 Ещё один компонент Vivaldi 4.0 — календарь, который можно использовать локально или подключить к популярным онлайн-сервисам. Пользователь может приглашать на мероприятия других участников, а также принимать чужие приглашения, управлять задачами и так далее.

○ ○ ○ ○ ○ ○ ○

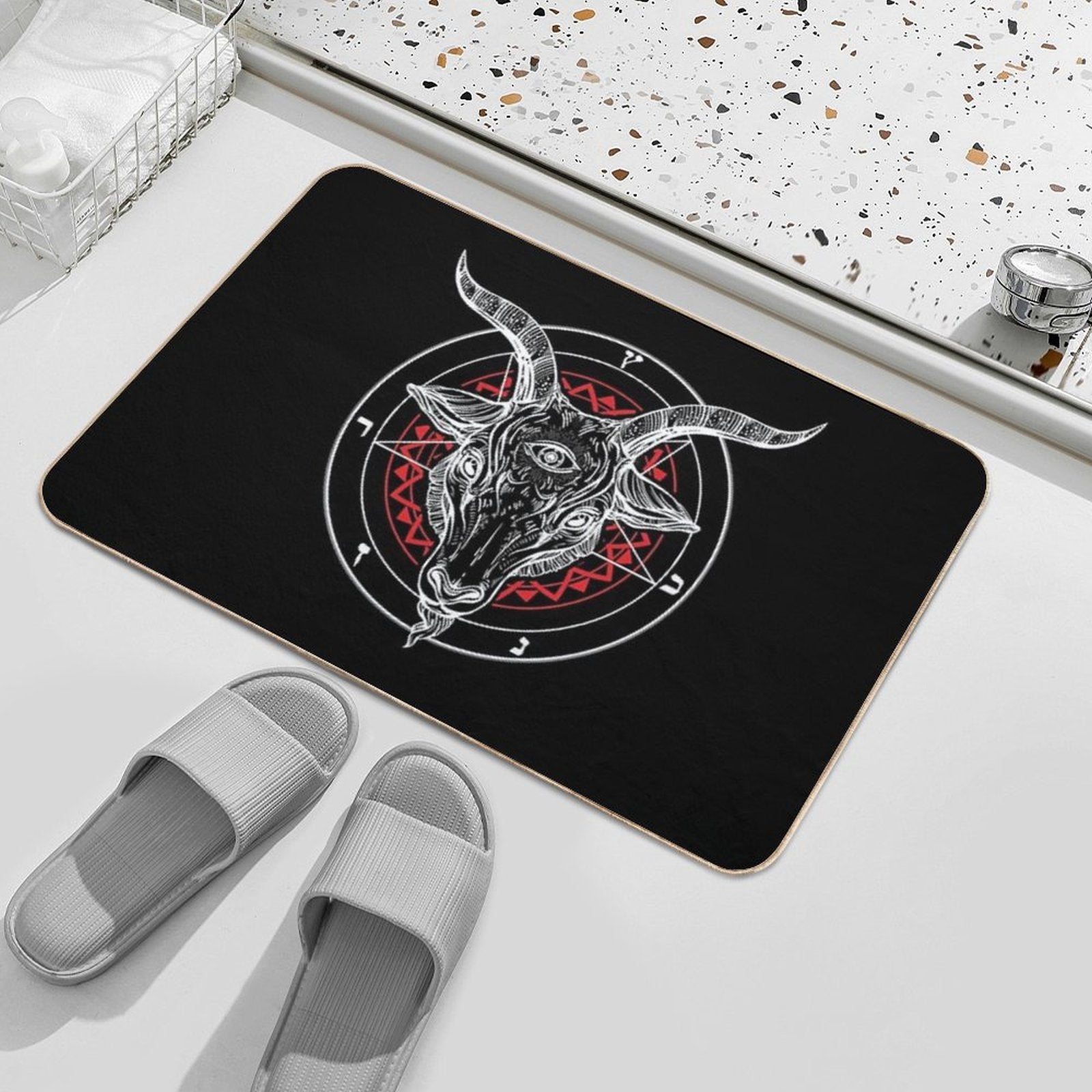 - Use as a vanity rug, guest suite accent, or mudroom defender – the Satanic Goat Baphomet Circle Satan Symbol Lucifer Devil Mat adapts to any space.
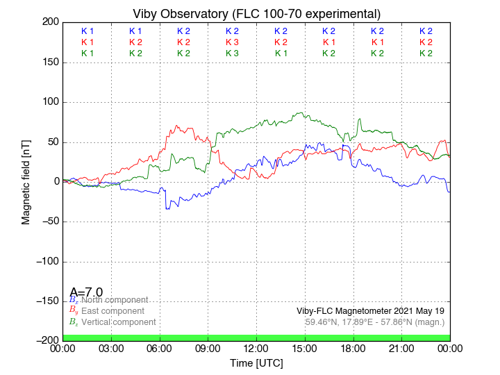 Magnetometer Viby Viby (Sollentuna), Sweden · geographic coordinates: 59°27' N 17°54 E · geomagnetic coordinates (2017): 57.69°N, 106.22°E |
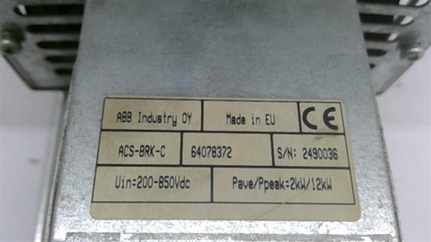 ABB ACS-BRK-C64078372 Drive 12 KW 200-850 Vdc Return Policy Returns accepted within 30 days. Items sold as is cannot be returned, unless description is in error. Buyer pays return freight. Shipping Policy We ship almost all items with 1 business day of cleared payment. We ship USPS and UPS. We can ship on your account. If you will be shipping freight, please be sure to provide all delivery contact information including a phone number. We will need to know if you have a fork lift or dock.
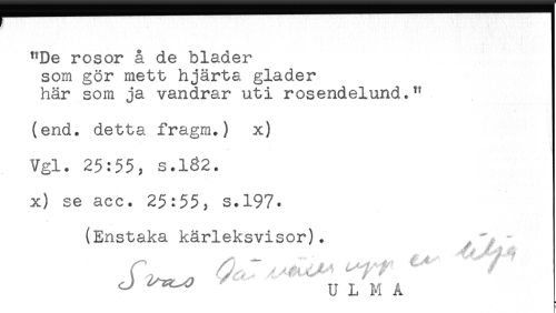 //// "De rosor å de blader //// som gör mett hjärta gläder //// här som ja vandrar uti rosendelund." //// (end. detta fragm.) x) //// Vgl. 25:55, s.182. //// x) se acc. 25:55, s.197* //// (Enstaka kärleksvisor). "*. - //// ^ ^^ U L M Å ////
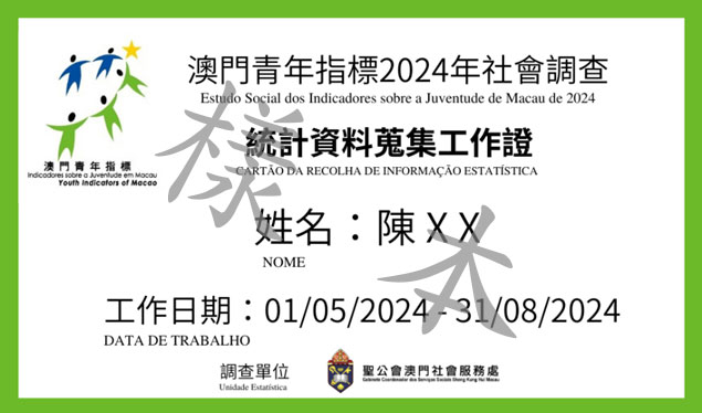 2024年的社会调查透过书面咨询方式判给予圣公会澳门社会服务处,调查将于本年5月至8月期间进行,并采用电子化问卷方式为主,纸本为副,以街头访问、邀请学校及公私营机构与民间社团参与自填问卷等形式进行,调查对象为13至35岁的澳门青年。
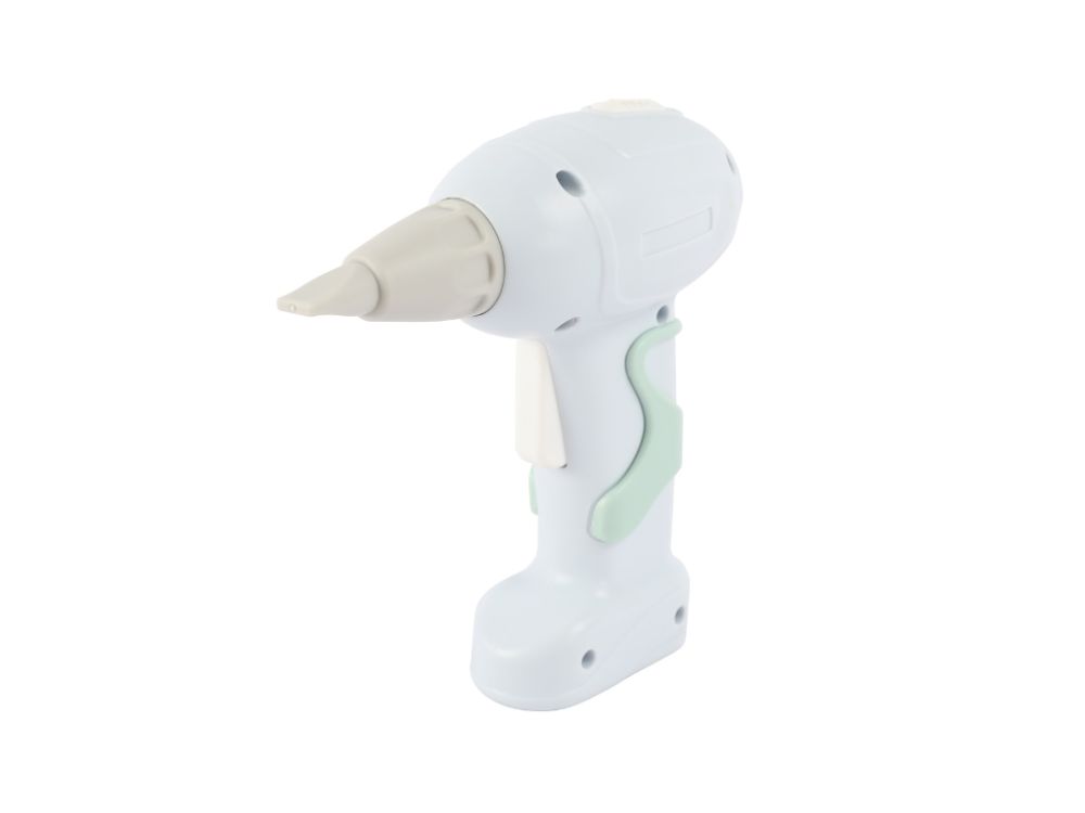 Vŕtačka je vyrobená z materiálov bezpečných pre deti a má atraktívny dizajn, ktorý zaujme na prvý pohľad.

○ ○ ○ ○ ○ ○ ○

WORK TO COMPLETE
Go back to the listing above and write out the lines starting at the one with "Magnetometer Viby Viby" and ending at the one with "ABB ACS-BRK-C64078372 Drive", inclusive, exactly and without pictures.

ANSWER BOX
 Magnetometer Viby Viby (Sollentuna), Sweden · geographic coordinates: 59°27' N 17°54 E · geomagnetic coordinates (2017): 57.69°N, 106.22°E |
 ABB ACS-BRK-C64078372 Drive 12 KW 200-850 Vdc Return Policy Returns accepted within 30 days. Items sold as is cannot be returned, unless description is in error. Buyer pays return freight. Shipping Policy We ship almost all items with 1 business day of cleared payment. We ship USPS and UPS. We can ship on your account. If you will be shipping freight, please be sure to provide all delivery contact information including a phone number. We will need to know if you have a fork lift or dock.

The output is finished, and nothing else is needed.